If I didn't know what you were talking about, I'd never in a million years have guessed you would be talking about Gandhi. Oh well, if you're not willing to actually read what he wrote and said, then the above is what ya get. I have about 8 books on Gandhi right within arm's reach, have made presentations on him with a close friend of mine who spent a summer in India studying him and his effect on Hinduism, so we've done the homework.

He was not a perfect man by any means, often referring to his "tyrant within" that he tried to control. But he grew as time went on, and it was even to the point that so many of the Brits, some of which lost their jobs in the clothing industry because of his boycott, deeply admired him and cheered him when he visited there. And to compare him to "Prince Charles" is so bizarre.

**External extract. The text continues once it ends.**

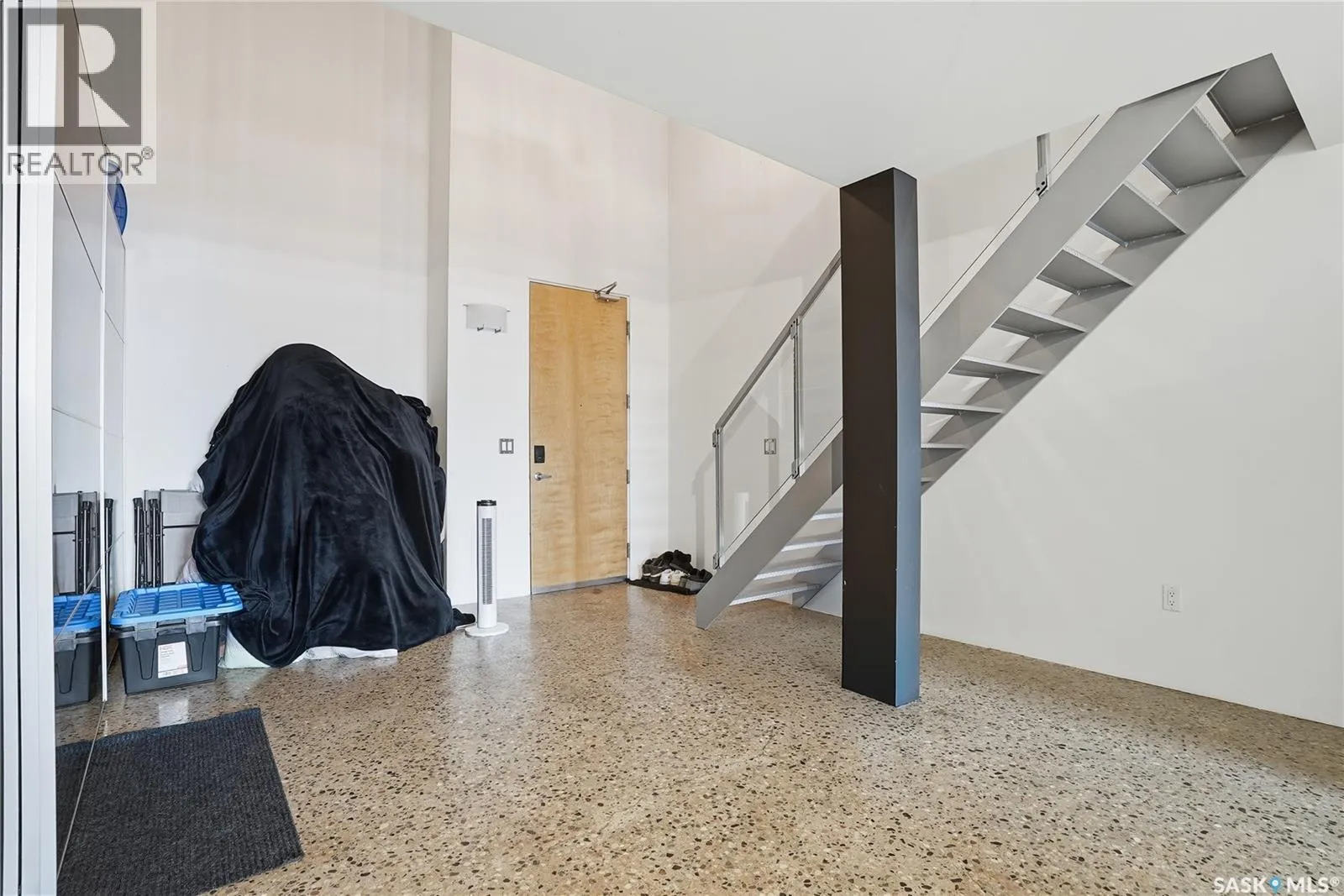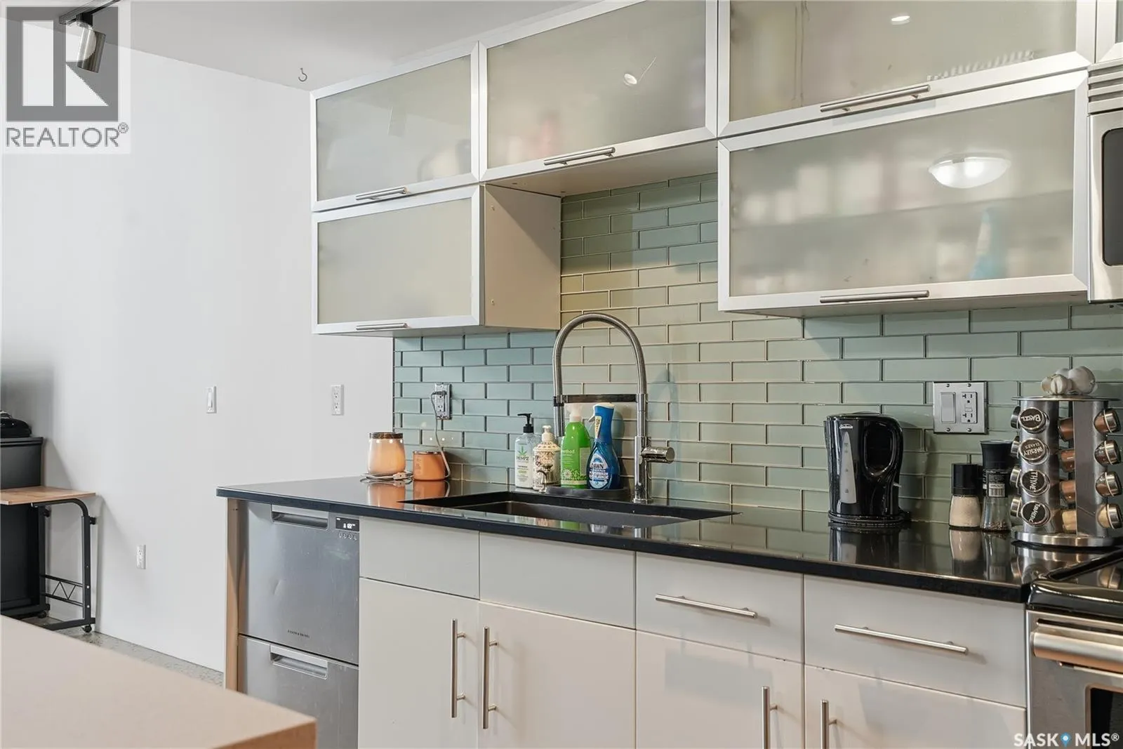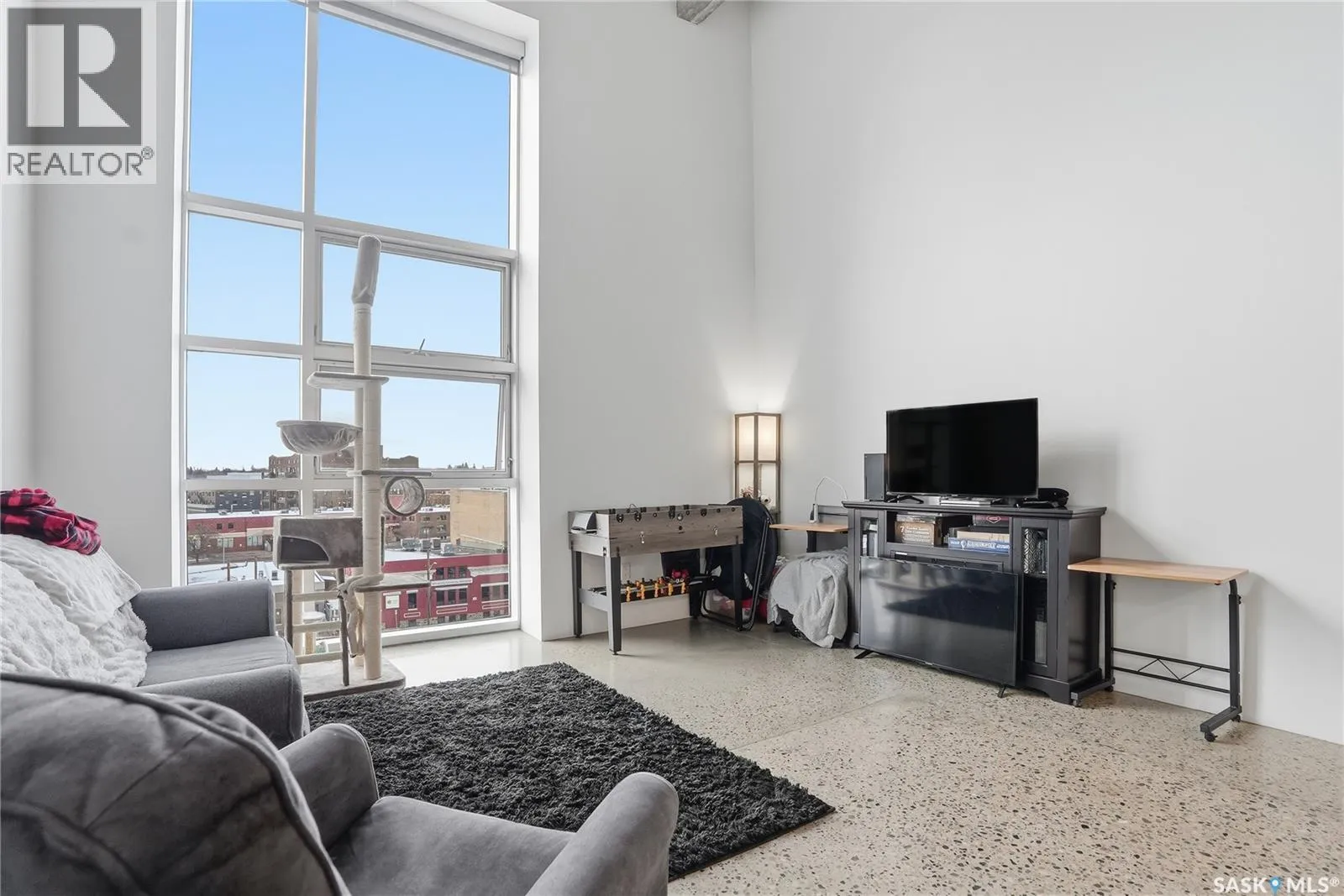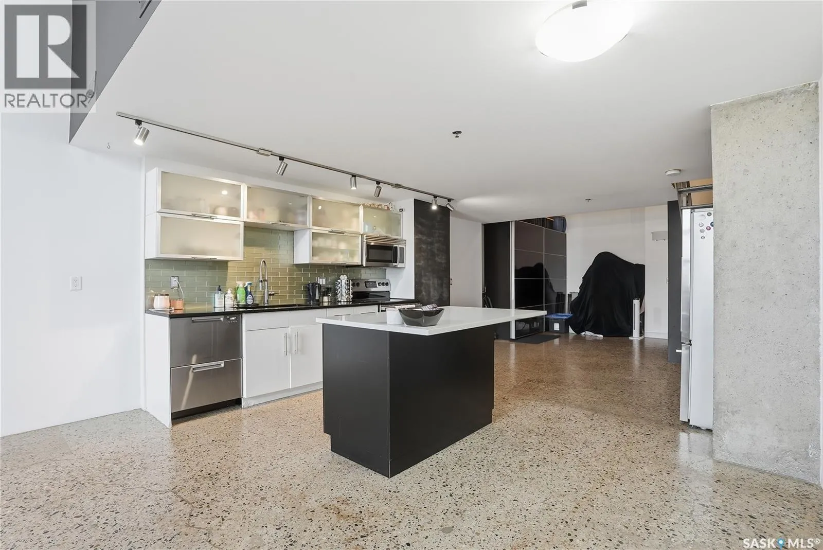 Experience iconic urban living in the heart of downtown with this stylish loft in the sought-after 2nd Avenue Lofts. Located on the fourth floor, this unit offers soaring ceilings, large windows, and a bright, open layout that truly captures the charm of this historic building. The main level features an open-concept living and kitchen area with plenty of room for furniture arrangements, dining, and entertaining. Floor-to-ceiling windows fill the space with natural light, creating an airy, modern feel. The updated kitchen includes stainless-steel appliances, large island and ample cabinetry, making everyday living both functional and inviting. Upstairs, the loft bedroom overlooks the main living area. Additional features include underground heated parking (stall 2 near main lobby), concrete construction, in-unit laundry, and access to fantastic building amenities â a rooftop terrace with BBQs, a fully equipped fitness center, and a rec room. Perfect for first-time buyers, professionals, or anyone seeking a true downtown lifestyle. This loft places you steps from restaurants, shopping, entertainment and transit. Perhaps one day this unit will have views of the new downtown arena. Donât miss your chance to own a piece of Saskatoonâs most recognized loft development. Contact your REALTOR® today to book a private showing today. (id:27476)

Believe what you want, I guess.
 

Muffled

Jesus in me
I believe no-one goes to Hell until the end of the world and most probably not until the final judgment.
 

Muffled

Jesus in me
Einstein didn’t have anything to do with the bomb. Good thing he managed to escape the Nazis though
Even if he was directly responsible for building the bomb, he didn’t drop it on anyone. So no, assuming that hell exists, I don’t think Einstein has to worry

I believe he still has to worry if he doesn't receive Jesus as Lord and Savior.
 

SomeRandom

Still learning to be wise
Staff member
Premium Member
I believe he still has to worry if he doesn't receive Jesus as Lord and Savior.
You’re entitled to your belief.


I believe good acts do not cancel out bad ones. Only the forgiveness of God can do that.
Fair enough. But the invention of dynamite isn’t even a bad act, arguably, even if it could be “canceled out.” So...
 

Fallen Prophet

Well-Known Member
If there is no Hell,
Then there is no bottom of Hell.
Hence, Hell has no bottom -

Proof of the "bottomless pit" (Bible). The suffering has no limit: if you have lost one kid, you can lose two kids.

Albert Einstein has called his letter to President Roosevelt (with advice to build the A-bomb) the biggest mistake of his life.

Is the inventor of the cine camera responsible for child pornography?
No. Only if he took the pictures of a naked child. Einstein has willingly helped the military. That was his concern.

Assuming, that Einstein is ABSOLUTE GENIUS (so, Albert correctly identifies his own mistakes),
the God of Love is angry at Einstein?

The letter of Einstein has started not only a peaceful use of radioactivity but a military use as well. And look, how the testing of the bombs has influenced nature and health: we have a cancer pandemic.

You are asking: why wouldn't a loving God forgive him?
There is a chance, that the anger of God if it has already started, would last an eternity.
The God, who always loves, can not become angry even for a sec.




Anger and Love are not mutually exclusive. There is such a thing as "righteous anger".

I do not believe that Einstein would go to Hell for his help in building the Atomic Bomb.